Ghassan Khatib, a professor at Bir Zeit University and former spokesman for the Palestinian government, said Mr. Netanyahu’s long tenure had already left behind two devastating casualties: any hope for a two-state solution and any support for moderate Palestinian leadership, whose investment in a diplomatic solution to the conflict Mr. Netanyahu has discredited.

Mr. Khatib said that Mr. Netanyahu, by politically empowering the extreme right wing in recent years, had contributed to a radicalization that has made Israelis averse to peacemaking. “The Israel that we talk about now is not the Israel we negotiated with 25 years ago,” he said. “I think that Netanyahu’s taking us into some kind of apartheid reality.”

It is precisely because Mr. Netanyahu has been so successful that some on the left argue that his leadership is undermining Israel’s seemingly irrepressible democracy.

Anshel Pfeffer, the author of “Bibi,” a critical biography of Mr. Netanyahu, said he believed that by campaigning as the “indispensable man,” Mr. Netanyahu had “created a narrative where it’s illegitimate or irresponsible to replace him.”

“There’s a certain justification for that,” Mr. Pfeffer said.

“The left wing always said, ‘Here’s the deal: If you don’t solve your issues with the Palestinians and end the occupation, and resolve your outstanding issues with Arab countries, you won’t realize your incredible potential,’ ” he said. “You’ll have a spartan lifestyle, you’ll have to go to war all the time, and the world may isolate you — the diplomatic tsunami. And it’s inarguable that in the last 10 years, Netanyahu has broken this paradigm.”

Yet, at the same time, Mr. Netanyahu has fueled and directed the right wing’s animosity at predominantly liberal institutions like the courts, the police, higher education and the news media. To the left, Israeli democracy is on the defensive. To the ethnonationalist right, which succeeded last year in enshrining Israel’s self-definition as the nation-state of the Jews in a basic law, it is in need of an adjustment.

“Somebody told me that Israel went really far on the democracy side, and now we have to rebalance it,” said Dahlia Scheindlin, a liberal pollster and writer. “They see it as a corrective, that Israel has too healthy a democracy.”

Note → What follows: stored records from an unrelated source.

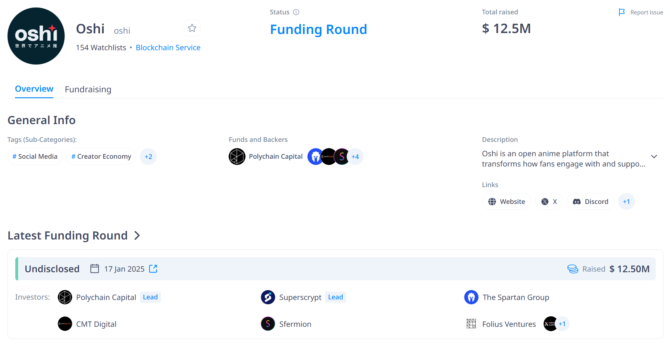 [Comments] 일본과 미국이 합작하여 만든 Oshi는 Web3 애니메이션 생태계를 구축하겠다는 목표로 유명 VC들에게 12.5M 규모 투자를 받았다. 크게 팬, 브랜드, 창작자 3가지로 볼 수 있는데 팬은 좋아하는 애니메이션을 초기에 지원, 브랜드는 제품을 공동으로 제작하고 글로벌 출시, 창작자들은 팬과 직접적인 관계를 구축하고 IP를 투명하게 사용하는 방식으로 역할이 나뉜다. Oshi가 애니메이션 산업의 구조와 수익 문제를 블록체인으로 투명하게 공개하여 해결한다는 문제의식과 방식에는 공감이 가지만 대다수 애니메이션들이 실패하는 경우, 손해를 누가 감당하는지에 대한 부분을 생각해보면 결국 구조 상 애니 제작을 위해 투자하는 팬들이 감당해야 된다고 보기 때문에 무조건적으로 투자에 참여하는 경우 큰 리스크를 감당해야 된다. 자체 토큰 발행 가능성은 매우 높은게 GATE2라는 특별 엠블럼을 구매 시 100 포인트와 각종 얼리엑세스 혜택을 받을 수 있기 때문에 대략 마감까지 30일이 남은 상태라 5달러를 지불해서 참여해두면 좋을 것 같다.
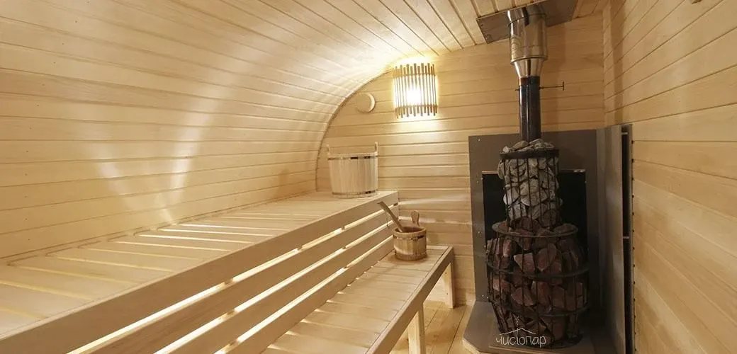 Русская саунаРусская сауна отличается более высокой влажностью, создаваемой за счет пара от установленного парогенератора. Влажный и горячий воздух действует по принципу ингаляции, облегчая дыхание.
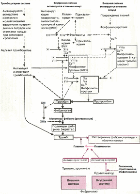 Рис. 21. Схема свёртывания крови и фибринолиза.
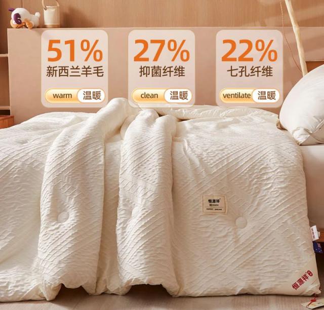 进入恒源祥羊毛被子159元,睡觉也要暖和!洋!
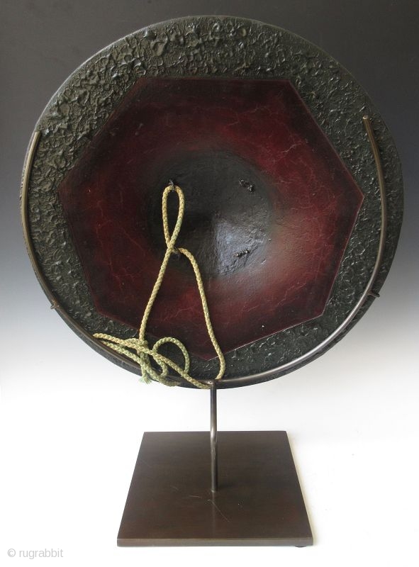 Japanese circular jingasa with a gradual domed top, rough textured to simulate leather. The composition is of bamboo, paper, layers of Urushi lacquer work with green lacquer, the edges decorated with two gilt mon of the Mori Clan. The interior is finished in green textured lacquer with red lacquer accent. Mounted on steel plates for presentation.
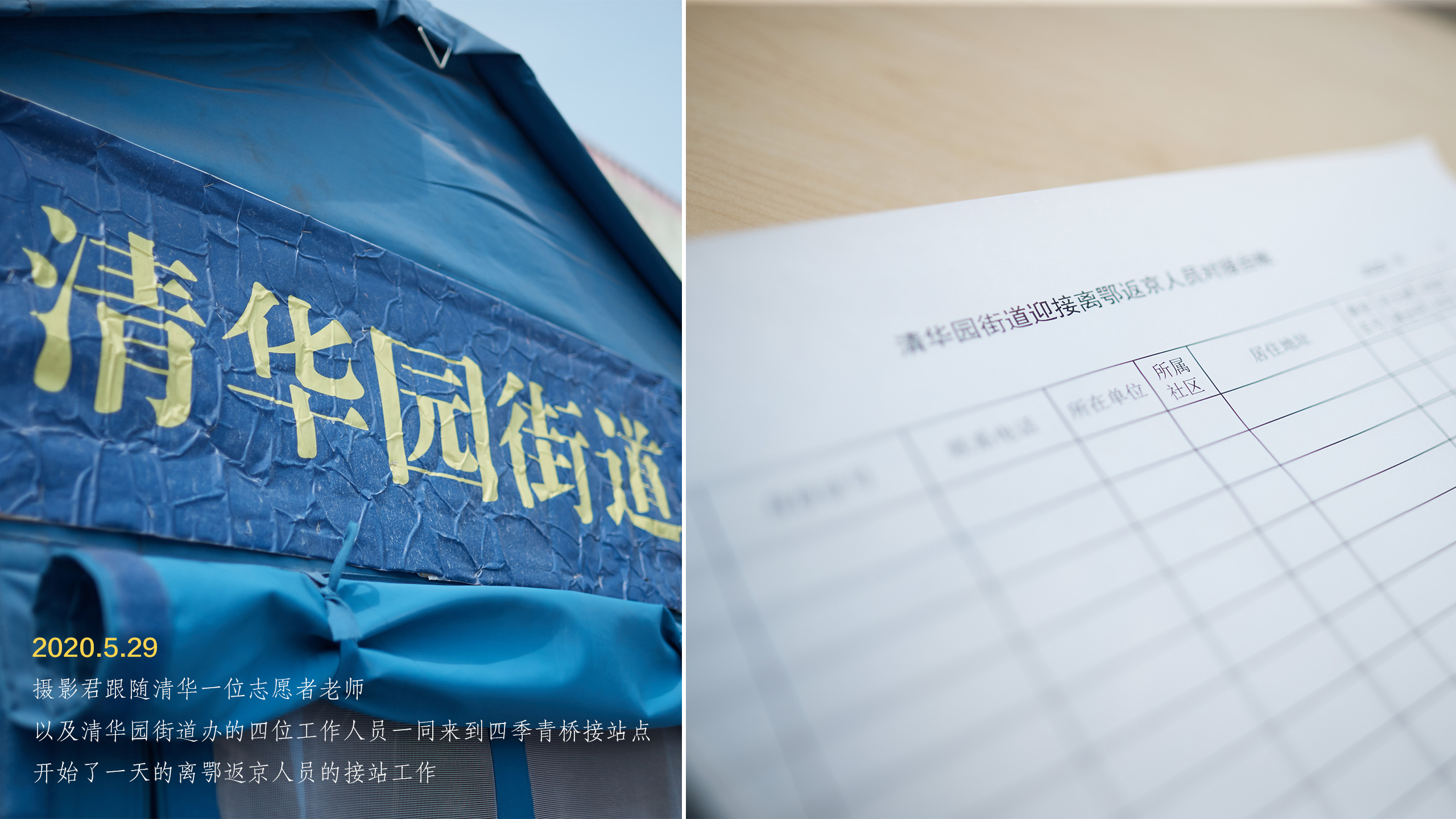 5月29日,摄影君跟随清华园街道中楼社区居委会吕博、王秀云,街道政务服务中心邓赫、赵珅以及乐动平台文化建设办公室的志愿老师龚阳玉洁,一同去四季青桥接站点体验了一次离鄂返京人员的接站工作。
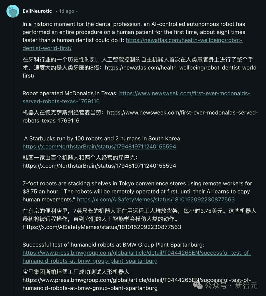 有人则反驳道,你低估了现如今机器人的现状,并甩出了一长串,关于机器人走进岗位的各种报道。
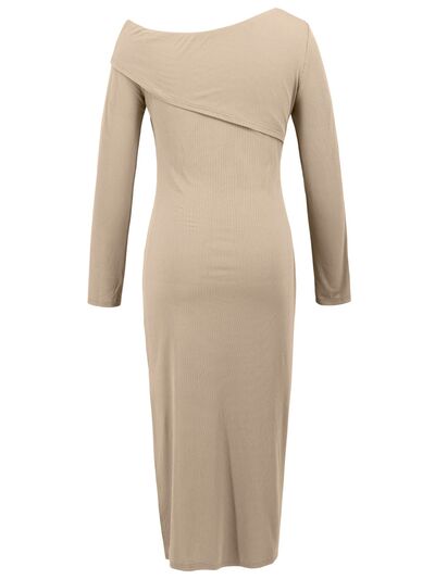 Slit One Shoulder Long Sleeve Dress
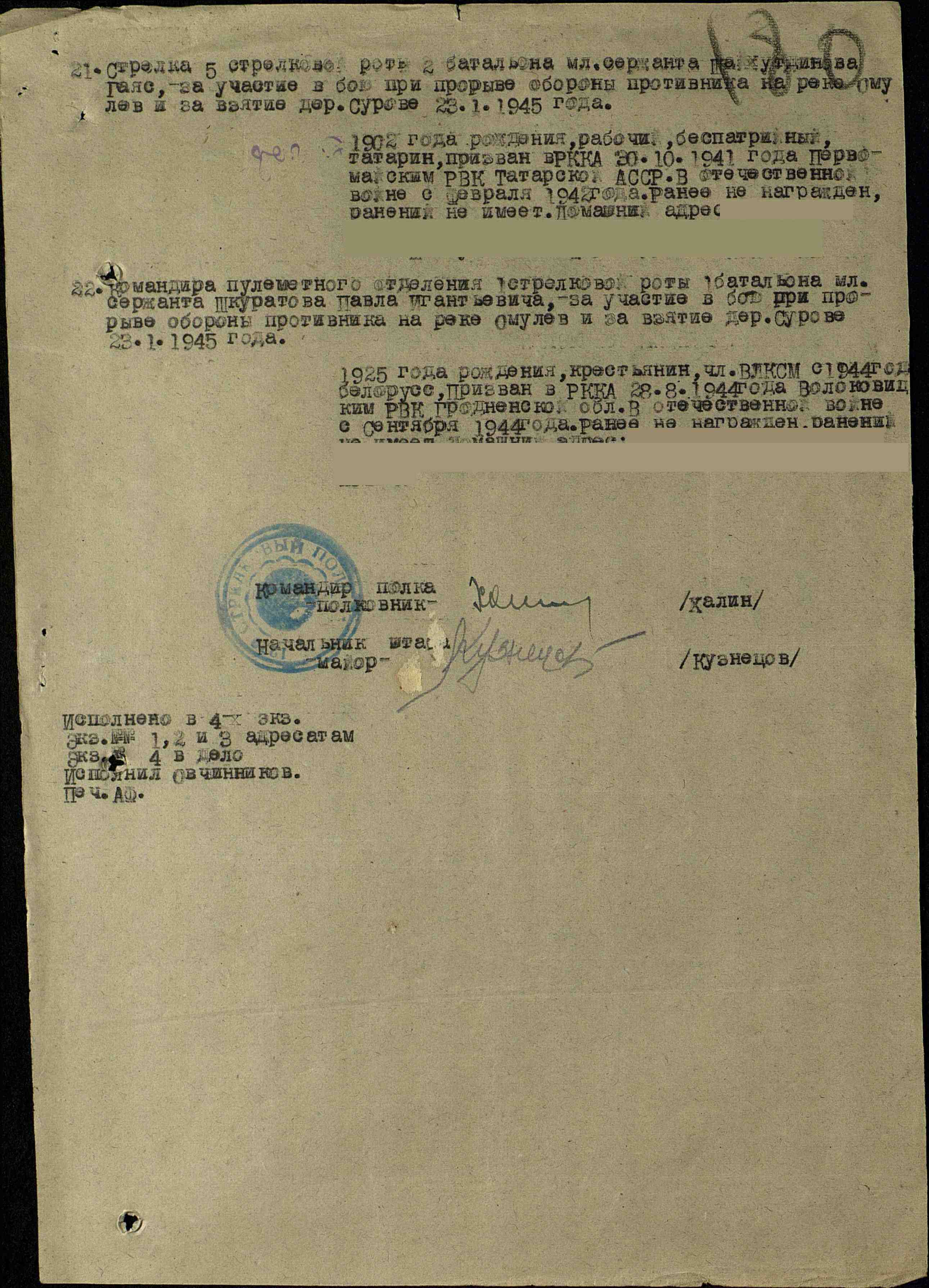 Шайхутдинов Гаяз Шайхетдинович 1902 года рождения. Родился в с. Нижняя Чегодай. До войны работал в колхозе. Призван был Первомайским (Черемшанским) РВК. Военная специальность- младший сержант 385 стрелковой дивизии. Погиб 30.01.1945 г. Был захоронен на территории Польша. Место гибели - это теперь г.Бискупец Варминьско-Мазурского воеводства в Польше.

Some, including Mr. Gantz, have warned that Mr. Netanyahu was headed down a path toward a regime like that of President Recep Tayyip Erdogan of Turkey.

Mr. Pfeffer said Israel was not there yet.

“Those other countries don’t have the institutions that can indict the prime minister,” he said. “It hasn’t happened here; the media and judiciary are still strong. But once you erode democracy, you make it much easier for the incumbent to win.”